Tether spins out another billion
Last week, Tether surpassed $16 billion in total liabilities, representing the total amount of tethers in circulation.
Tether began issuing its wildly popular stablecoin in 2015. It took more than two years to issue the first billion. By January 2020, Tether was at $4.5 billion worth of Tethers. And here we are today, with the company putting out as much as $1 billion worth of tethers every two weeks.
I’m sure all of these tethers are backed by real assets and generated by real demand, as the NYAG will eventually discover in its ongoing investigations — as soon as Tether/Bitfinex hand over that paperwork any day now.
Filecoin’s disastrous launch
Filecoin, a blockchain-based data storage network, raised more than $200 million in an initial coin offering three years ago.
After much anticipation and many delays, the mainnet finally launched on October 15. Since then, the price of the FIL coin has been a wild rollercoaster ride, soaring more than 100 percent at first, then tumbling 80 percent days later, as Cointelegraph explains.
But the bigger problem is the handling of the miners, who provide the storage for the system. Initially, they weren’t able to pull a profit.
Miners have to stake a large number of FIL tokens to start their mining operations.

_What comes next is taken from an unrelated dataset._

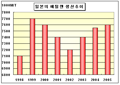 일본의 2005년 에틸렌(Ethylene) 생산량은 761만9000톤으로 2004년에 비해 0.7% 증가했다.

At first, they weren’t getting enough tokens to do this via mining rewards because they had to vest 100% of those rewards for six months. This forced them to buy tokens on the open market at high prices if they wanted to ramp up to capacity.
As a result, two days after the platform launched, five of the largest miners switched off thousands of rigs in protest, according to 8btc.
Since the folks behind Filecoin didn’t foresee any of this, they are now scrambling to make changes. The latest system upgrade allows miners to access 25 percent of their block rewards immediately, per the Block.